Directions for this task>
The expected output is the line bearing "원유를 수입하는 정유업계" followed by all remaining lines of the records, each restated word for word.

Recorded data:
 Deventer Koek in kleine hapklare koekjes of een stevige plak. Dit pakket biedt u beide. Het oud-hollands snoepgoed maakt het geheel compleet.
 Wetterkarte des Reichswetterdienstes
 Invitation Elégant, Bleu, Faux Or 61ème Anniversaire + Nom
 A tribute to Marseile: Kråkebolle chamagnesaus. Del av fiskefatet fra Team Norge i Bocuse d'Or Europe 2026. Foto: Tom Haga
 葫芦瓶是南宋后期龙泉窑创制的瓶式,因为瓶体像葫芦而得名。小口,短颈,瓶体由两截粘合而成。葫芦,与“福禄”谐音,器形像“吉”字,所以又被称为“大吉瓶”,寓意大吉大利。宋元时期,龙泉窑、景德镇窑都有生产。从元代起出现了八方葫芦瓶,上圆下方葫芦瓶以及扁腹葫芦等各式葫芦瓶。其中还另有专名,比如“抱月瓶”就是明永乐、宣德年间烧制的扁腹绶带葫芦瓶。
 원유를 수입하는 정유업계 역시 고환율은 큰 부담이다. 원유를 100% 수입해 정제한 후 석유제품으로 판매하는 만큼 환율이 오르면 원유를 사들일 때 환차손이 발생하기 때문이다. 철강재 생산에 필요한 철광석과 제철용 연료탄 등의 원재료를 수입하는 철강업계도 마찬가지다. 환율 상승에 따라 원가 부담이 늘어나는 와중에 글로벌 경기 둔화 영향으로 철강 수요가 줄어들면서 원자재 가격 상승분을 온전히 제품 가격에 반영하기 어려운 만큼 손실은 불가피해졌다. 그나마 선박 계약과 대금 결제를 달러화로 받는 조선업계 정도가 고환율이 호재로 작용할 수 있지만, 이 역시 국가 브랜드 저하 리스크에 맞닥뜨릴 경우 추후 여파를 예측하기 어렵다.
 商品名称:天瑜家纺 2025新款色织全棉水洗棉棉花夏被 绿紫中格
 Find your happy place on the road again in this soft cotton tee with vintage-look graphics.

Written response>
 원유를 수입하는 정유업계 역시 고환율은 큰 부담이다. 원유를 100% 수입해 정제한 후 석유제품으로 판매하는 만큼 환율이 오르면 원유를 사들일 때 환차손이 발생하기 때문이다. 철강재 생산에 필요한 철광석과 제철용 연료탄 등의 원재료를 수입하는 철강업계도 마찬가지다. 환율 상승에 따라 원가 부담이 늘어나는 와중에 글로벌 경기 둔화 영향으로 철강 수요가 줄어들면서 원자재 가격 상승분을 온전히 제품 가격에 반영하기 어려운 만큼 손실은 불가피해졌다. 그나마 선박 계약과 대금 결제를 달러화로 받는 조선업계 정도가 고환율이 호재로 작용할 수 있지만, 이 역시 국가 브랜드 저하 리스크에 맞닥뜨릴 경우 추후 여파를 예측하기 어렵다.
 商品名称:天瑜家纺 2025新款色织全棉水洗棉棉花夏被 绿紫中格
 Find your happy place on the road again in this soft cotton tee with vintage-look graphics.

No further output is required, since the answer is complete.